The papyrus takes the form of a letter to the vizier, with the express intent of proving that the conduct of Paneb is unfit for the office of foreman.[11] It takes the form of a list of accusations against Paneb. However, many of these offenses were clearly not punishable offenses, but merely unethical actions taken by Paneb added to add weight to the overall message.[12] As such, the charges are extremely broad, from ordering his men to do work for his personal benefit [13] to murder.[14]

However, despite the fact that the papyrus is in the form of a letter to the vizier, it was probably just a personal copy. According to Černý, a letter to the vizier would have begun with a long address enumerating the numerous titles of the vizier. In addition, such a letter would be in the archives of the Vizier, and would not have made their way into the hands of Henry Salt.[15]

Accusations against Paneb

The author of the papyrus, Amennakht, describes himself as a workman and the son of the former chief-workman Nebnefer. His brother, Neferhotep, took over as chief-workman at the death of his father, and was killed by an “enemy”.[16] This enemy is interpreted as either foreign enemies or a domestic army during Amenmesse’s usurpation of Thebes.[17] Though Amennakht felt entitled to become the chief-workman, the vizier, Preemhab, gave the role to Paneb.[18] Though he believes that the role is not Paneb’s to begin with, he proceeds to list accusations of varying severity so as to better justify his contention that Paneb should be removed from the role of chief-workman.

Bribery

The first accusation lobbied against Paneb is the charge that he gave Preemhab five of Neferhotep's servants, with the implication that this gift is what secured the position for Paneb, not any legitimate claim to be chief workman.[19] He is also accused of giving something to a scribe by the name of Kenherkhepeshef, "something," or nkt, being an Egyptian term for a payment or bribe. This bribe was given to the scribe as payment for getting Paneb out of trouble.[20]
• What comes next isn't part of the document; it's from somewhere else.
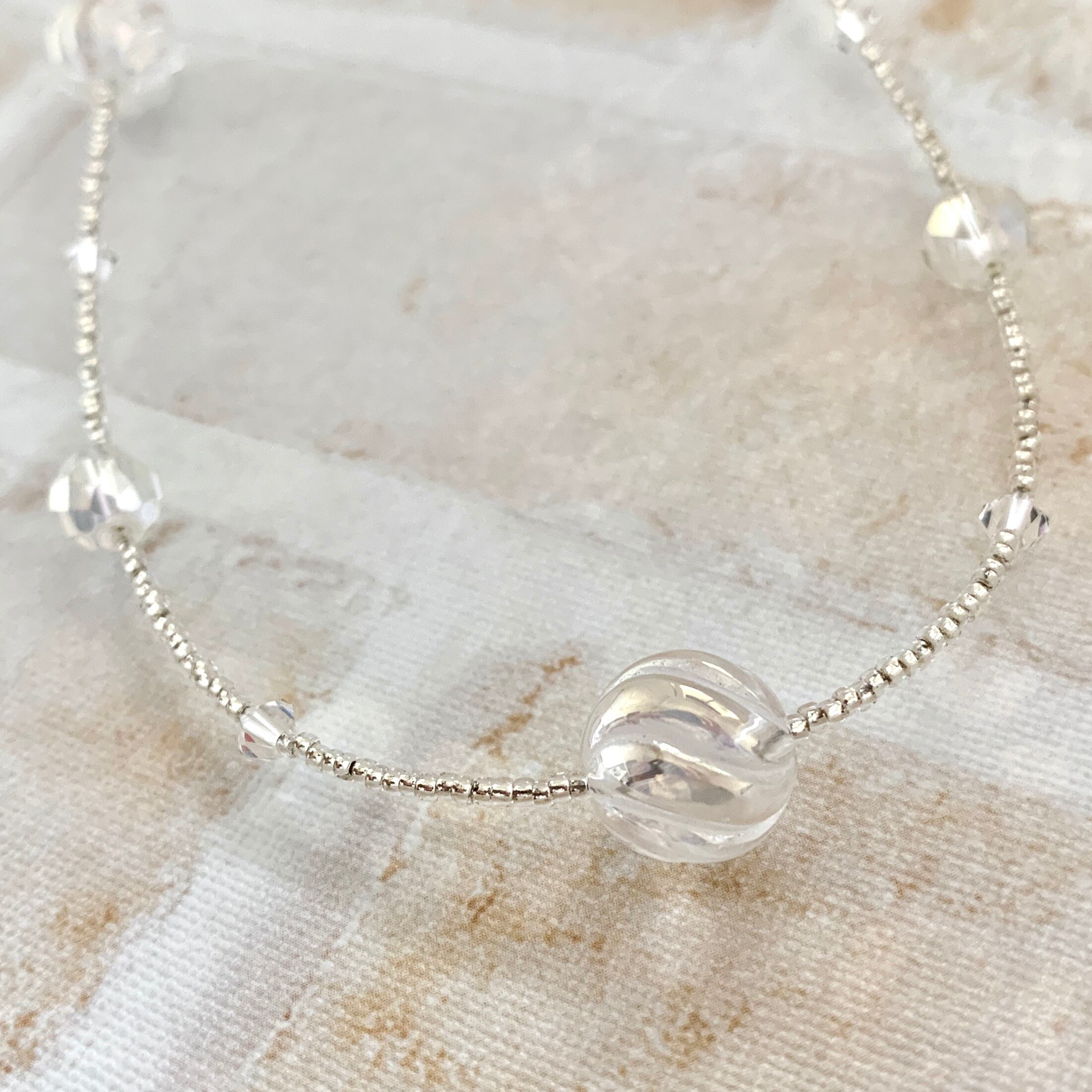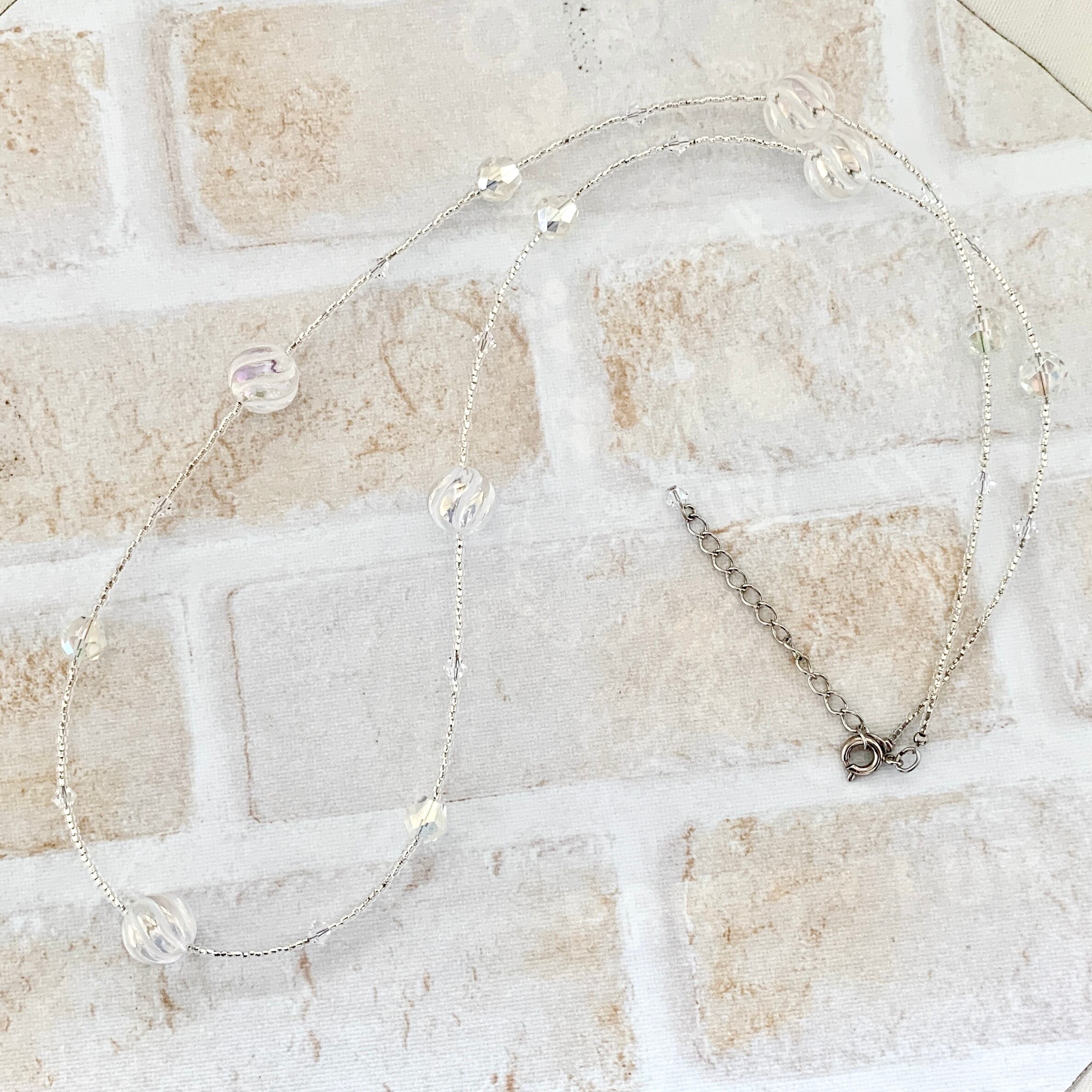 Sラインツイストラウンドカットとドロップカットのアクアクリスタルと小粒サイズのクリスタルガラスと特小サイズのガラスビーズを用いたロングデザインのネックレスのご紹介です。

Adultery and sexual assault

Paneb was accused of many charges of sexual assault and adultery, though there are many ambiguities in the text which make the exact nature of the charges unclear. The charges are special in that they are alleged by his son Aapehty to the door-keepers,[21] who are the people who stand at the door of the tomb at work-sites, but also serve various other functions, including possible legal functions. Though Černý seems to think that the door-keepers might have served the role of bailiffs, A.G. McDowell, a prominent Egyptologist in the study of Deir el-Medina, speculates that the door-keepers' legal function was small, and that Aapehty only testified to them because they stood in a public part of the worksite.[22]

He swore under oath the alleged cases of debauchery, including an instance in which Aapehty himself took part. All the cases of debauchery were with married women, aside from one daughter, who was also the woman Aapehty debauched.[23] The word Černý translates as "debauched" does not necessarily imply mutual consent, so it is ambiguous whether or not Paneb and Aapehty's actions could be classified as rape.[24] However, it is made clear that Paneb violated a woman by force at least once (though this is Amennakht’s assertion, not Aapehty's), when he took a woman named Yemenwaw's clothing, "threw her on top of [a] wall and violated her".[25]
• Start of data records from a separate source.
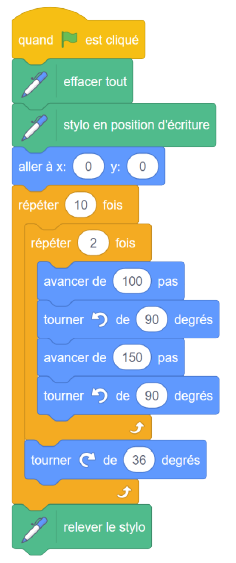 Image Blocs de codage attachés les uns aux autres; Bloc d’évènement : départ drapeau vert. Bloc de stylo : effacer tout. Bloc stylo : stylo en position d’écriture. Bloc de mouvement : aller de « x » zéro, « y » zéro. Bloc de contrôle : répéter dix fois. Bloc de contrôle : répéter 2 fois. Bloc de mouvement : avancer de 100 pas. Bloc de mouvement : tourner vers la gauche de 90 degrés. Bloc de mouvement : avancer de 150 pas. Bloc de mouvement : tourner vers la gauche de 90 degrés. Répéter. Bloc de mouvement : tourner vers la droite de 36 degrés. Répéter. Bloc stylo : relever le stylo.
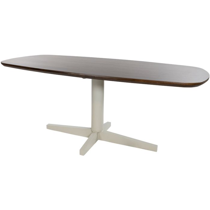 Eetkamertafel 220, Deens ovaal, poot beige, mango bruin-walnoot
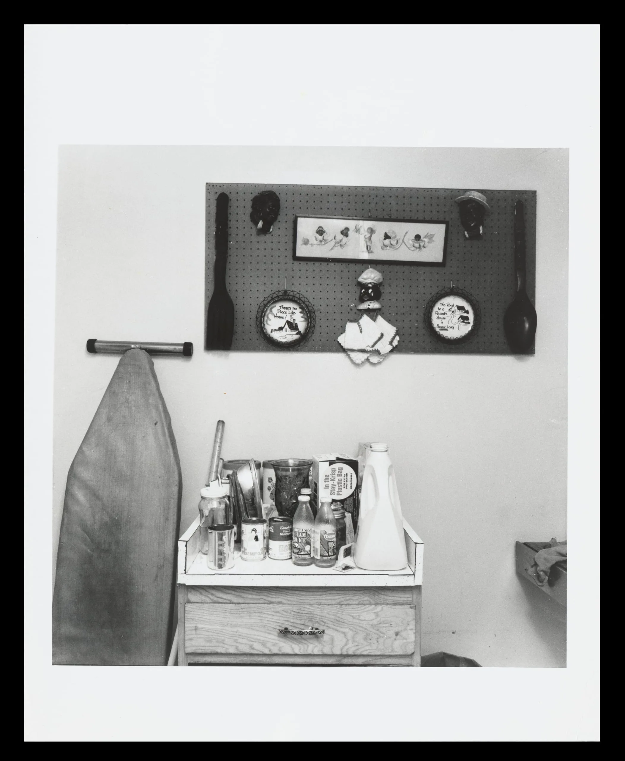 Black and white photograph of a room corner with a pegboard mounted on the wall holding decorative plates and figurines, a cluttered wooden utility cart below, and an ironing board leaning to the left
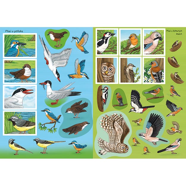 - Dotvoří ptačí scény, naučí se poznávat různé druhy a vytvářet vlastní „atlas“ pomocí samolepek.
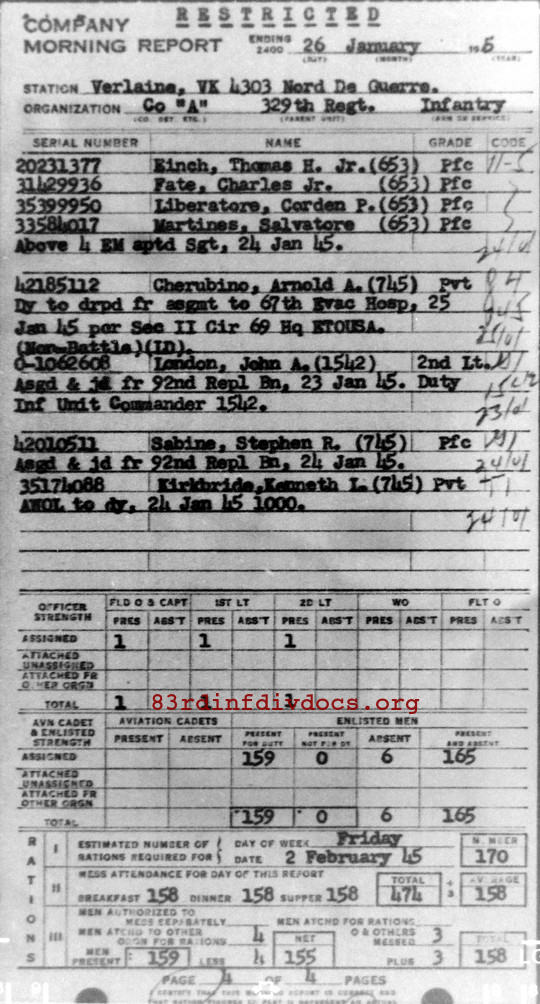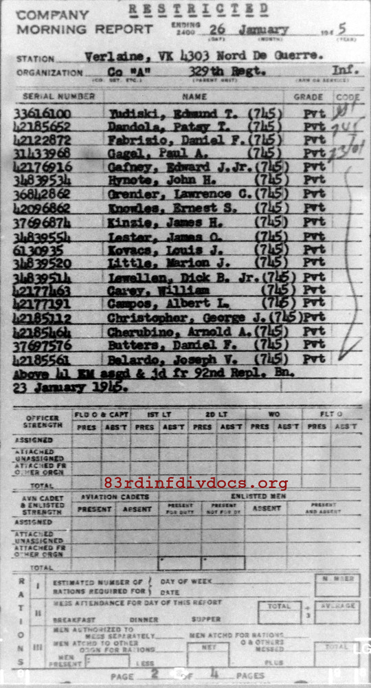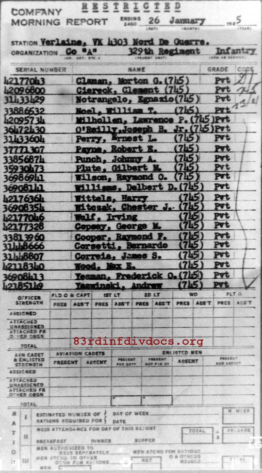 Morning report A/329 for January 26, 1945

Theft and misuse of labour

While Paneb was accused of an excess of crimes by Amennakht, the various charges of embezzlement and misuse of labour are particularly emphasized, and appear to cause the most trouble that Paneb runs into. The first of Amennakht’s charges outside of those directly relating to Amennakht's political interests deal with Paneb’s theft of the tomb of Seti II, including the covering of Seti's chariot, storehouses from the tomb, and five doors, though 4 were found later. He stole incense, special oil and wine, and a special statue inscribed with the king's name, and though Amenakht attests to reporting these actions, Paneb took an oath saying "I did not upset a stone in the neighbourhood of the Place of Pharaoh".[26]

In addition to straightforward theft, Paneb also resorted to misappropriating labour and other resources for his own ends. According to Amennakht, Paneb ordered his stone workers not only to steal stone from the worksite of Seti II, but to use this stone to build columns for his personal tomb.[27] In one case, he not only ordered his workers to make a plaited bed, but made their wives weave clothing for him.[28] In addition, he stole several work tools, breaking one (Recto 2.13). Some tools were apparently of great value, as the workers searched for an entire month for a tool he stole before he snuck it back onto the worksite.[29]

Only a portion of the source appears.